31 Days of Cheese: Day 28 - The Exorcist Two
Oh my, what a mess. What an utter mess of a film. I mean how do you take the most successful Horror film of the era and mess it up this badly.
Well for one you have John Boorman, fresh off his epic disaster Zardoz direct.
Then add an obviously blotto Richard Burton, dress James Earl Jones up in a grasshopper suit and have a lot of scenes with blinking lights in people’s faces and behold! An utter mess from 1977 that ended up finishing second to Plan Nine From Outer Space in voting for the 1980 Golden Turkey Awards worst movie ever made (by only a few votes if memory serves).

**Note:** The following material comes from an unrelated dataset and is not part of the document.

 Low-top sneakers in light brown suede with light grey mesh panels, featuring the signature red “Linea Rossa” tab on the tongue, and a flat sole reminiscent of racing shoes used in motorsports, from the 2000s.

Anyway the setting is that it’s a few years after the first film. Linda Blair, Regan has grown up a bit and is in New York. her mother – (the actor didn’t want to do the sequel) is away on location somewhere so she is being care for by Nurse Ratchet (well Louise Fletcher who needed to pay the bulls I guess) who is some kind of doctor for kids and some other woman who acts creepy and weird before she sets herself on fire at the end of the film (an idea that came to me once or twice while watching this mess).

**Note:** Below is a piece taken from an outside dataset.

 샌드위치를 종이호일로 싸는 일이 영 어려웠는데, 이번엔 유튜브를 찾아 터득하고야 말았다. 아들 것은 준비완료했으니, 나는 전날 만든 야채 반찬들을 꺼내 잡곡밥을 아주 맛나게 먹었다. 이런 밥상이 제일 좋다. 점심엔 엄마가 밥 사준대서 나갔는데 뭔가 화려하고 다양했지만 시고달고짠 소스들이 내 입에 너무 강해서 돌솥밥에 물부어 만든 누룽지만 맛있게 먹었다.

Anyway enter Father Lamont (Richard Burton) who seems to be looking for scotch but actually is investigating Regan’s exorcism. There is some nonsense early on about feuding inside the Church but it’s very quickly dropped and we shall drop it too. Meantime Nurse Ratchet (I’m going to call her that, it’s fun) has invented or is using this machine where two people stare at blinking lights and synch their minds while hypnotized. It’s a massively stupid idea.
Really, watching lights flash on and off on the faces of Richard Burton and Linda Blair does not gripping cinema make.

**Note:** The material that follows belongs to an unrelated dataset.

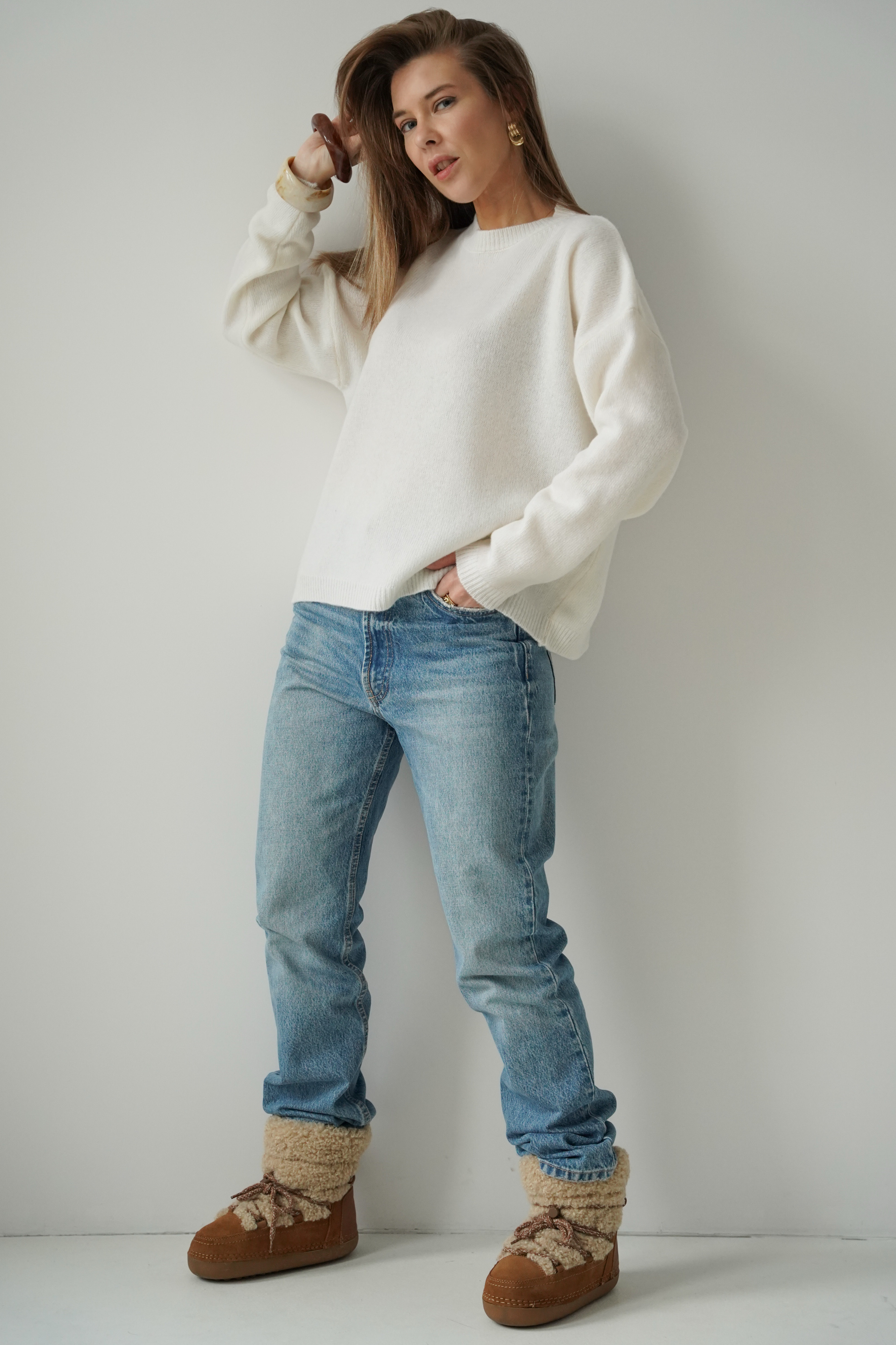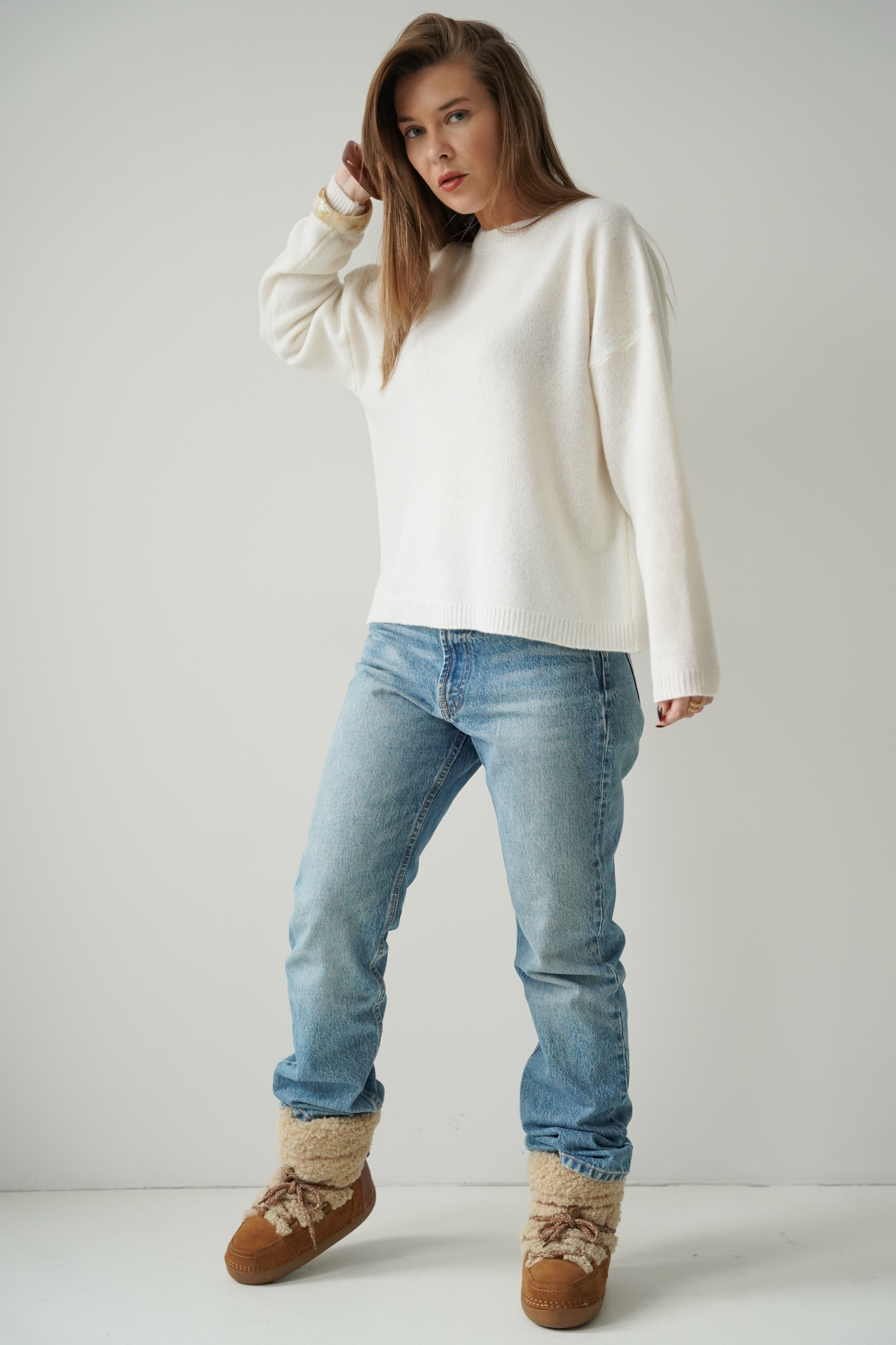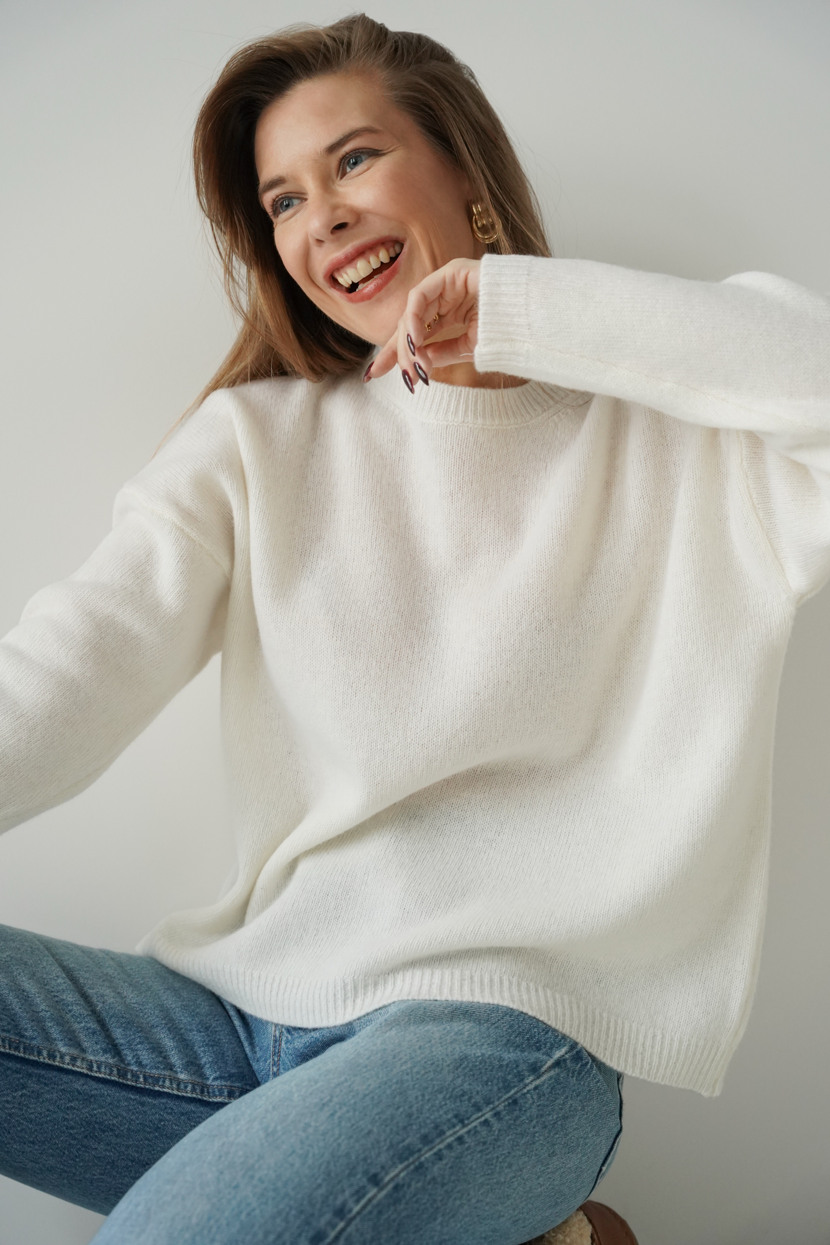 Loose jumper, 100% merino wool, Lea, cream

And then as if the drugs have kicked in the film wanders over this rather pointless story about Kokumo who has power to calm locusts or something that the demon Pazuzu doesn’t like so it possesses him as it would Linda later on.
We then see the Father from the first film as young man climb up some cliff to church in Africa (several folks fall to their death as they climb the cliffs. Would it have killed them to set up a rope ladder? ) and he rids Kokumo of the demon.
Lamont convinced that the demon is still inside Linda somewhere goes to Africa where he meets James Earl Jones dressed as a locust. He then turns into a scientist who is an expert on locusts (and can I say that insects, even lots of them do not gripping cinema make either?). And the viewer’s brain turns to mush.
There is a final confrontation back in Georgetown where Linda is split into the good Linda and the bad Linda the bad Linda is supposed to kind of a hottie. It’s not well right, there really is an icky quality to it and there is an uncomfortable moment were Lamont starts snogging with the bad Linda. But then the room is full of bugs and explosions and Lamont rips the heart out of the bad Linda and the good Linda calms the bugs and I die inside a bit.
Then Nurse Ratchet realizes that only Father Lamont can protect Linda and as they walk away the house bursts into flames.
I’ve read that at the premier of the film people were throwing things at the screen as the film ended. I’m not surprised. I was throwing things at my own TV.
Enjoy with a cheese sandwich and a lot of scotch. I understand you can get grasshoppers as a food but really.